It was the city home of Margaret McLure, whose politics became fearless after her son was killed in Confederate service in 1862. Union leaders suspected that Pine Lawn, her country estate on Natural Bridge Road (and inspiration for the suburb by that name), was a communication post for rebels. McLure was put on the Belle Memphis.

With her was Eliza Frost, well-to-do wife of rebel Gen. Daniel Frost. Two years before, he had surrendered the pro-Southern Missouri militia in St. Louis to Union Capt. Nathaniel Lyon on the site of today’s St. Louis University. Moments later, 28 civilians and seven Union soldiers were killed in a riot on Olive Street. Frost headed south.

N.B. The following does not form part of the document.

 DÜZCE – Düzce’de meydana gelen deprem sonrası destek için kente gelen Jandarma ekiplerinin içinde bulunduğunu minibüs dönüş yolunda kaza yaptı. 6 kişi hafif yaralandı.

Also on the Belle Memphis was Lucie Nicholson, a proud secessionist who wrote, “God only knows what is before us, but the minds of all Southerners are made up to endure everything with cheerfulness, except defeat.”

The Missouri Democrat, a pro-Lincoln local newspaper, published her words on banishment day. It also praised the forced removal of prominent people “who have persisted in cherishing the most bitter hostility to the Government.”

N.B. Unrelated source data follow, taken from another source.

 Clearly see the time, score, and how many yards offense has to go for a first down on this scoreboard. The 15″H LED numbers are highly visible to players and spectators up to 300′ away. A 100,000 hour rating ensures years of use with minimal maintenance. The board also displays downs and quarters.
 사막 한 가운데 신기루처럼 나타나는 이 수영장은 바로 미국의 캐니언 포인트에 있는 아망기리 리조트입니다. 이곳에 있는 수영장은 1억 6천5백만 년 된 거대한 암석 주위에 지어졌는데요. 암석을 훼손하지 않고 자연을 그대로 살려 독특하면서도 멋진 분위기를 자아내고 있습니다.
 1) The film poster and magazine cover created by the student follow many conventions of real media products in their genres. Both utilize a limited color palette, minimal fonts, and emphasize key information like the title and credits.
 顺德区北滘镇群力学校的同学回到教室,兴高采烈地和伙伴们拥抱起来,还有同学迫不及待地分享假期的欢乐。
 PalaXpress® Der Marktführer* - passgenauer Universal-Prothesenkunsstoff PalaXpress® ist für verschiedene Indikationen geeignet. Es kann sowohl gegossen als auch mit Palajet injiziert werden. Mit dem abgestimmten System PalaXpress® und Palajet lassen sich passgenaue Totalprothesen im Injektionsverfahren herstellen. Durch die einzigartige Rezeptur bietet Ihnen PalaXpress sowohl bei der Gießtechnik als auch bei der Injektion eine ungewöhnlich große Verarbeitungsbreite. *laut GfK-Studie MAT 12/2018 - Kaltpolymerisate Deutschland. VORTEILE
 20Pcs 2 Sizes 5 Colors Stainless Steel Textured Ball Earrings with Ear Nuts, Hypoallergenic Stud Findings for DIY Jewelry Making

The banished ones debarked at Memphis and were taken to the Confederate line at Holly Springs, Miss. They rode in Union ambulances stained by blood.

After the war, McLure returned to St. Louis and became a founding leader of the United Daughters of the Confederacy. The Frosts also came home, but Eliza died in 1872. Frost remarried and had a daughter, Harriet, who donated $1 million to St. Louis University in 1960.

That same year, a statue of Capt. Lyon was banished from what became the university’s “Frost Campus” east of Grand Boulevard. The statue is now in Lyon Park, near the Anheuser-Busch brewery.